Self-interacting spin-2 dark matter

Recent developments in bigravity allow one to construct consistent theories of interacting spin-2 particles that are free of ghosts. In this framework, we propose an elementary spin-2 dark matter candidate with a mass well below the TeV scale. We show that, in a certain regime where the interactions induced by the spin-2 fields do not lead to large departures from the predictions of general relativity, such a light dark matter particle typically self-interacts and undergoes self-annihilations via 3-to-2 processes.
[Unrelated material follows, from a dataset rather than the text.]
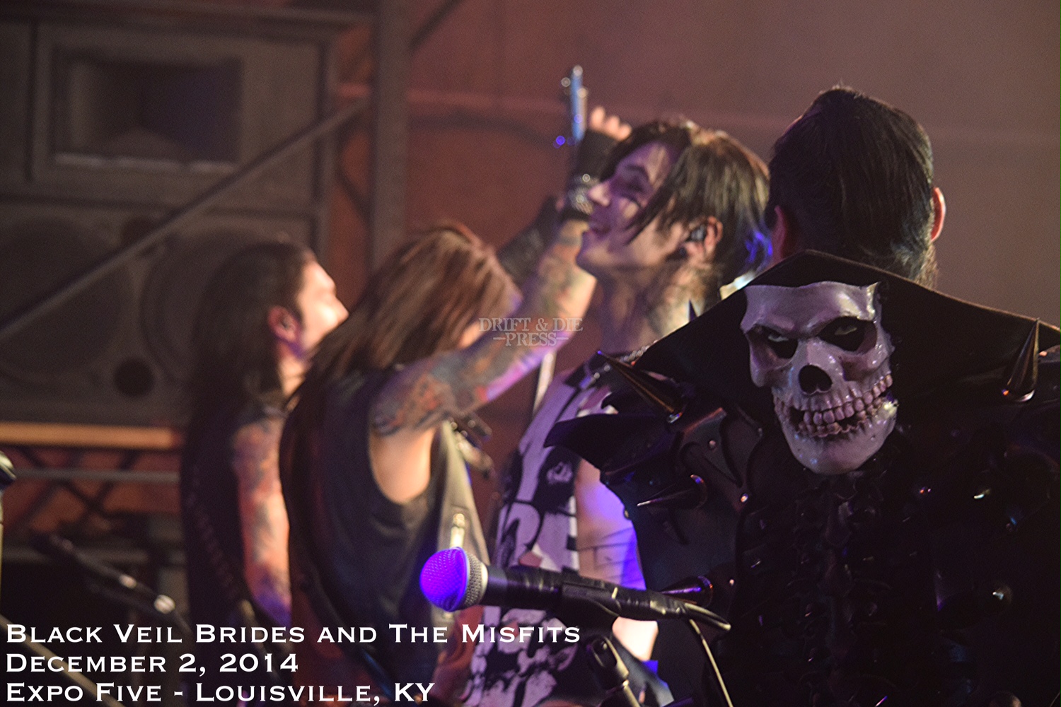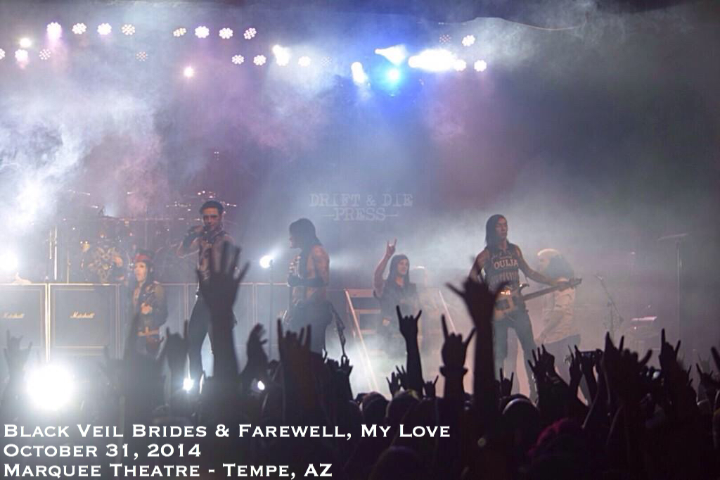 Go to a Black Veil Brides show, and you never know what to expect! From Farewell, My Love storming the stage during “Fallen Angels” in Phoenix, to The Misfits’ Jerry Only and Jerry Jr accompanying the band for a few songs in Louisville, not one performance will be the same. Drift N Die was lucky enough to accompany BVB on a few dates of Black Mass Tour.

We discuss its production mechanisms and also identify the regions of the parameter space where self-interactions can alleviate the discrepancies at small scales between the predictions of the collisionless dark matter paradigm and cosmological N-body simulations.

Figure 1

The portal communicating the spin-2 DM particle $\delta M$ to the SM fields is proportional to $\alpha$, whereas its self-interaction vertices are inversely proportional to powers of $\alpha$.

Figure 2

3-to-2 annihilation process of spin-2 DM particles.

Figure 3

Left: parameter space for self-interacting spin-2 DM when ${\beta }_1={\beta }_3$. The color gradient corresponds to the required reheating temperature $T_{\mathrm{RH}}$ to produce the observed relic abundance. The left gray region, corresponding to $T_{\mathrm{RH}}\ge {10}^{16}\mathrm{GeV}$ is considered to be strongly disfavored. The nonperturbativity region is given by $\alpha {\mathrm{m}}_{\mathrm{Pl}}\ge m_{\mathrm{FP}}$. Right: white region shows the DM mass range of interest as a function of $r$ to address small-scale problems (i.e., ${\sigma }_{\mathrm{SI}}/m_{\mathrm{FP}}\ge 0.1{\mathrm{cm}}^2/\mathrm{g}$) while being allowed by perturbativity requirement (e.g., the $r=0$ vertical line corresponds to the purple line in left panel). All hatched regions have been excluded in both panels.